はじめに


もうすぐ仕事を辞めるんだけど、今のうちに賃貸へ申し込んでもいいのかな…。退職予定って言ったら審査に落ちそうで怖い…。

仕事を辞める直前でも、在職中なら申し込みできる物件はあります!ただ、退職後の収入見込みや家賃の低さをどうするかで、審査の進みやすさは変わります。
退職前の部屋探しは、かなり迷いやすいですよね。
今なら会社員として申し込めるけれど、退職日が近い。退職予定を言うべきか、言わないまま申し込んでいいのか、不安になると思います。
この記事では、仕事を辞める直前に賃貸へ申し込むときの考え方、退職予定の伝え方、審査で準備したい書類、避けたい行動を解説します。
まず結論:退職前に申し込み、契約まで進めても問題ない

仕事を辞める直前に賃貸へ申し込むなら、できるだけ在職中に申し込み、審査、契約まで進めるのが理想です。
退職後は「無職」と見られるため、審査では家賃を払い続けられるかをより慎重に確認されます。
転職先が決まっている場合は、内定通知書や雇用契約書を出せるようにしておくと話が進みやすいです。
まずやることは、次の4つです。
- 退職日より前に申し込みを始める
- 家賃を手取りの4分の1くらいまでに抑える
- 源泉徴収票、給与明細、内定通知書、預金残高などを準備する
- 不動産会社に「退職前に契約まで進めたい」と相談する
状況別に見ると、準備の優先順位は変わります。
| 状況 | 優先したい準備 |
|---|---|
| 転職先が決まっている | 内定通知書や雇用契約書を用意する |
| 退職後にしばらく休む | 預金残高と低めの家賃で支払い能力を見せる |
| 次の仕事が未定 | 保証人、緊急連絡先、審査に慣れた不動産会社を探す |
「在職中だから絶対に通る」「退職予定があるから絶対に落ちる」と決まるわけではありません。

大事なのは、退職後も家賃を払える見通しを説明できる状態で申し込むことです。
仕事を辞める直前の賃貸審査で見られやすいこと
退職直前の申し込みでは、通常の会社員としての情報だけでなく、退職後の生活がどうなるかも見られやすいです。
審査する側が気にするのは、「今の勤務先にいるか」ではありません。

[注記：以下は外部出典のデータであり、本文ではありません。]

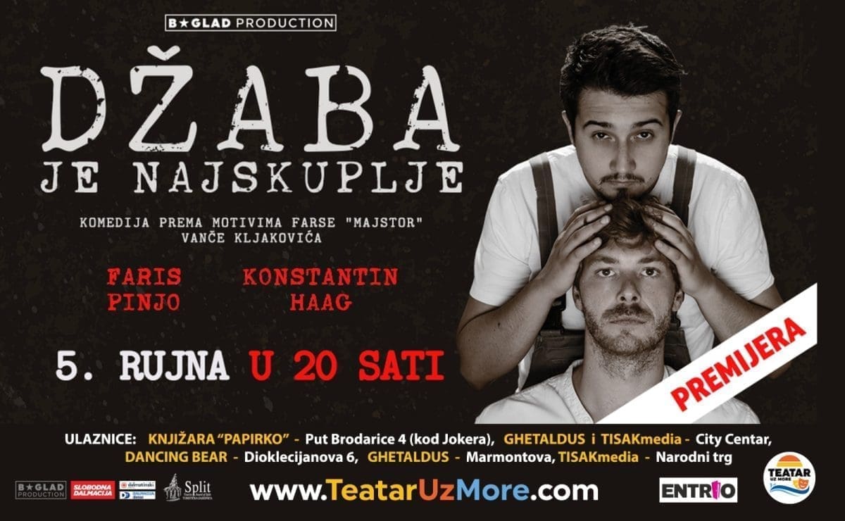 Uz napetu radnju, konstantne obrate i odličnu dozu humora komedija "Džaba je najskuplje" premijerno će se predstaviti splitskoj publici 5. rujna na Teatru uz more!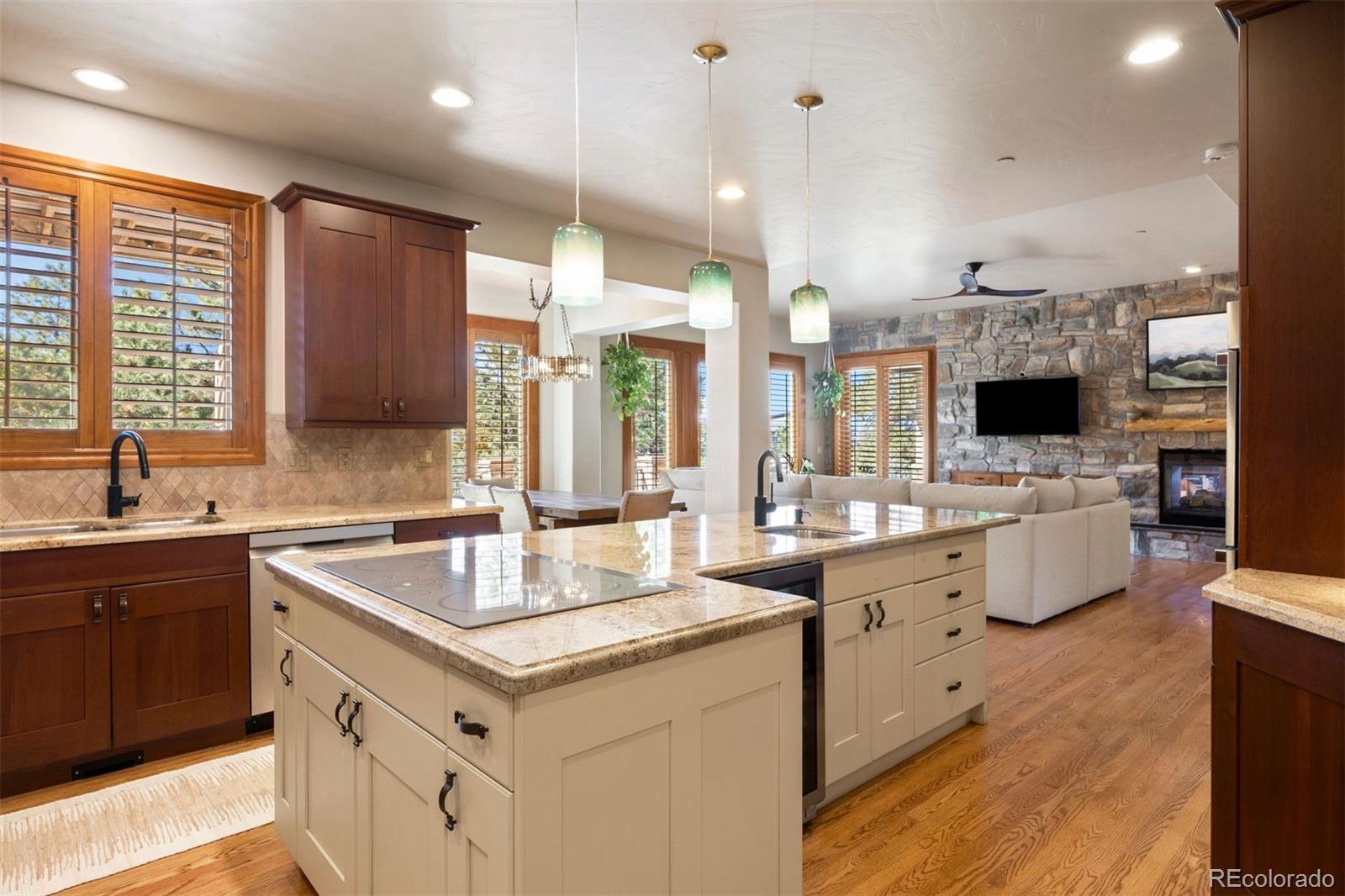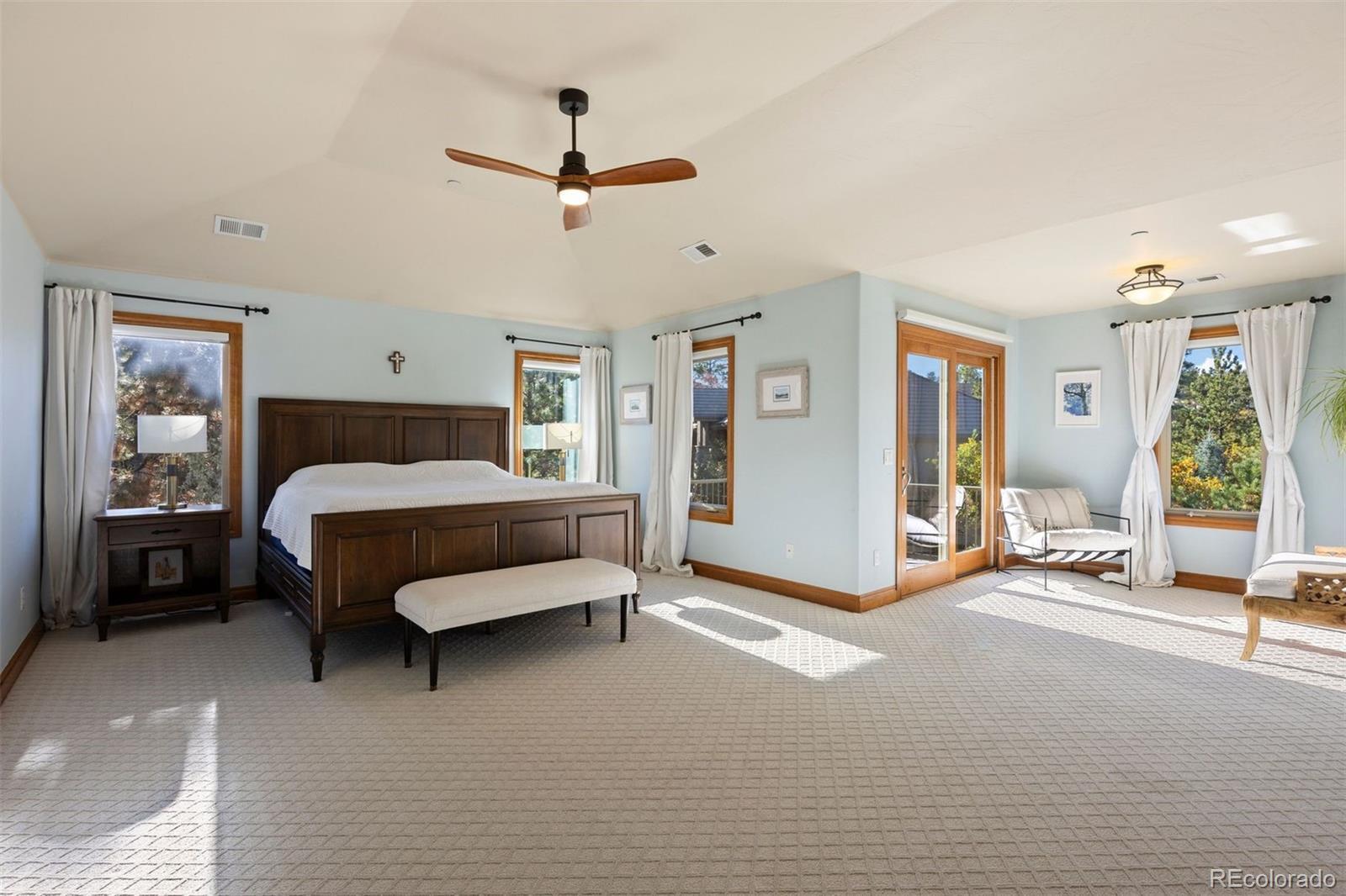 Modern Mountain Luxury in Castle Rock Private • Spacious • Stylish Surrounded by mature pines and thoughtful landscaping, this Castle Rock retreat embodies modern mountain luxury and timeless Colorado living. Formerly home to a Colorado Rockies professional baseball player, the residence offers an exceptional blend of sophistication, comfort, and design. Inside, plantation shutters, open-concept living spaces, and rich finishes create a warm and welcoming atmosphere. The kitchen and family room serve as the heart of the home, featuring updated appliances, an induction cooktop, and a new wine fridge, all opening to an expansive wraparound deck that captures breathtaking sunset views. The upper level hosts a serene primary suite with a private deck, spa-inspired bath, and generous walk-in closet. Three additional bedrooms each include ensuite baths and walk-in closets, ensuring privacy and comfort for family and guests. A main-floor office with a fireplace offers the perfect setting for quiet work or reflection. The finished walkout lower level extends the living space with a fifth bedroom, theater area, billiards space, gym, and additional office and flex room, ideal for entertaining and additional space. Recent updates include a new kitchen appliances, furnace, water heater, washer and dryer, and 1 air conditioner. A side-load three-car garage completes this exceptional property. Set within a tranquil enclave of Castle Rocks, Timber Canyon neighborhood, this home offers the rare opportunity to enjoy elevated living with a relaxed, modern mountain sensibility.

入居後に家賃を払い続けられるかを気にします。
在職確認が取れるか
賃貸審査では、勤務先へ在籍確認が入ることがあります。
退職日が近い場合、申し込み時点では在職中でも、審査や契約手続きの途中で退職日を迎えることがあると思います。
そうなると、在籍確認が取れなかったり、申込内容と現在の状況がずれている状況になってしまうので注意が必要です。

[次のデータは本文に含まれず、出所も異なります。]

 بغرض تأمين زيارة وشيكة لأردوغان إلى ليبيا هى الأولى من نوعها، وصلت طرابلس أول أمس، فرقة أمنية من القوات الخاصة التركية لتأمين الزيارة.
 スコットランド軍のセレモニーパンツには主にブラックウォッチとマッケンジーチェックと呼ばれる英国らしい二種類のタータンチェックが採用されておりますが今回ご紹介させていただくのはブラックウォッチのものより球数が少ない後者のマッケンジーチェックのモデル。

退職日が決まっているなら、できるだけ早めに申し込むと安心です。
退職日まで1〜2週間しかない場合は、不動産会社へ「退職前に契約まで終えたい」と伝えて、審査が早い物件を優先してもらうほうが進めやすいです。
退職後の収入見込みがあるか
転職先が決まっている人は、退職ではなく「転職」として説明できるのが強い材料になります。
内定通知書、雇用契約書、採用条件通知書などがあれば、次の収入見込みを示せます。入社日、雇用形態、月給や年収が分かる書類があると、審査側も判断しやすくなります。
まだ転職先が決まっていない場合は、預金残高や親族の保証人などで補う形になります。

数か月分の家賃を払える貯金があることを示せると、何も出せない状態より相談しやすくなりますよ。
家賃が収入や貯金に対して高すぎないか
退職直前の部屋探しでは、希望条件よりも家賃の低さを優先したほうが安心です。
一般的には家賃は収入の3分の1とも言われますが、退職や転職で収入が変わる人は手取りの4分の1くらいまでに抑えると無理が出にくいです。
たとえば、退職後しばらく月16万円くらいで生活する予定なら、家賃は4万円前後を目安に考えると安心です。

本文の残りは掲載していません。